How often should we monitor an RA pt after initiating DMARDs?

A

We should monitor a RA pt every 1-3 months

32
Q

What is the dosing for MTX?

A

7.5mg Methotrexate once weekly.

MTX to be given with Folic acid 5mg.
Folic acid to be taken the day after MTX dosing

33
Q

What is the dose of prednisolone to give for bridging in newly initiated DMARD pt?

A

When started DMARD for moderate-high RA disease activity, give:

≤7.5mg/day prednisolone for up to 3 months.

Prednisolone to be tapered and discontinued within 3 months.

Prednisolone is also to be discontinued if bDMARD or tsDMARD are started.

34
Q

What should we do if a pt does not respond sufficiently to csDMARD?

A
  1. For pts w MTX but not at target, add bDMARD or tsDMARD. Avoid adding a second csDMARD.
  2. For pt already on bDMARD / tsDMARD but not at target, switch to a bDMARD or tsDMARD of a different class.
35
Q

What must we do before initiating bDMARD or tsDMARD?

A
  1. Pre-treatment screening
  2. Vaccinations are required before screening
  3. Lab test / monitoring
36
Q

What is the main MOA of bDMARDs?

A

To bind to inflammatory cytokines, or their receptors & downregulate their functions.

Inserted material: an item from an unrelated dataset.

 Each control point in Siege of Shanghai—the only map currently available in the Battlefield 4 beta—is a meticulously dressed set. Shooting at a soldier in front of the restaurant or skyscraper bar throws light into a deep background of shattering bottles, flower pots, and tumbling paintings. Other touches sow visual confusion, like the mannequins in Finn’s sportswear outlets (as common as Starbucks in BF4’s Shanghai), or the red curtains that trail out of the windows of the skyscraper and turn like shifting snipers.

This will help to reduce immune & inflammatory responses.

37
Q

What is the main MOA of tsDMARDs - JAK inhibitor?

A

JAK inhibitors bind to JAK proteins inside the cells.
This prevents JAK from transphosphorylating the cytokine & growth factor receptor.

38
Q

What should we not do when using bDMARDs or tsDMARDs?

A

Do not use >1 bDMARDs/tsDMARDs at the same time.

39
Q

Why is bDMARDs preferred over tsDMARDs?

A

bDMARD is preferred over tsDMARDs as tofacitinib carries higher risk for MACE & malignancy.

tsDMARDs are associated w - increased CV risk, malignancy and thromboembolic events.

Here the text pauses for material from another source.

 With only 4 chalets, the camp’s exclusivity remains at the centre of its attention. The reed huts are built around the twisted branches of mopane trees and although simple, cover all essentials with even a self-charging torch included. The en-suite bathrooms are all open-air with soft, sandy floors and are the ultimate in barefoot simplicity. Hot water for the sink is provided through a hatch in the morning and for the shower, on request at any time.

JAK inhibitors are often the last resort.

40
Q

When do we stop DMARDs in RA patients?

A

We discontinue DMARDs when RA pt has been at target levels for ≥6 months.

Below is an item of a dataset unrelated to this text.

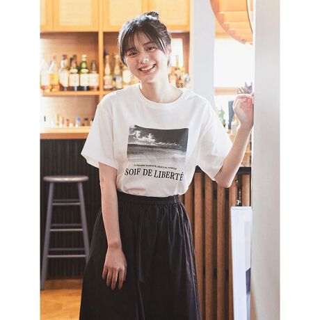 フォト×ロゴプリントでスタイリッシュなデザインに仕上げたTシャツ。

However, we do NOT discontinue abruptly. There must be gradual discontinuation.

41
Q

What are some non-pharmacological management interventions for RA?

A
  1. Avoid high-intensity weight bearing exercises / activities
  2. Do range of motion exercises
  3. Do exercises to increase muscle strength
  4. Do aerobic exercises

Caution against resting too much as it can lead to sedentary lifestyle.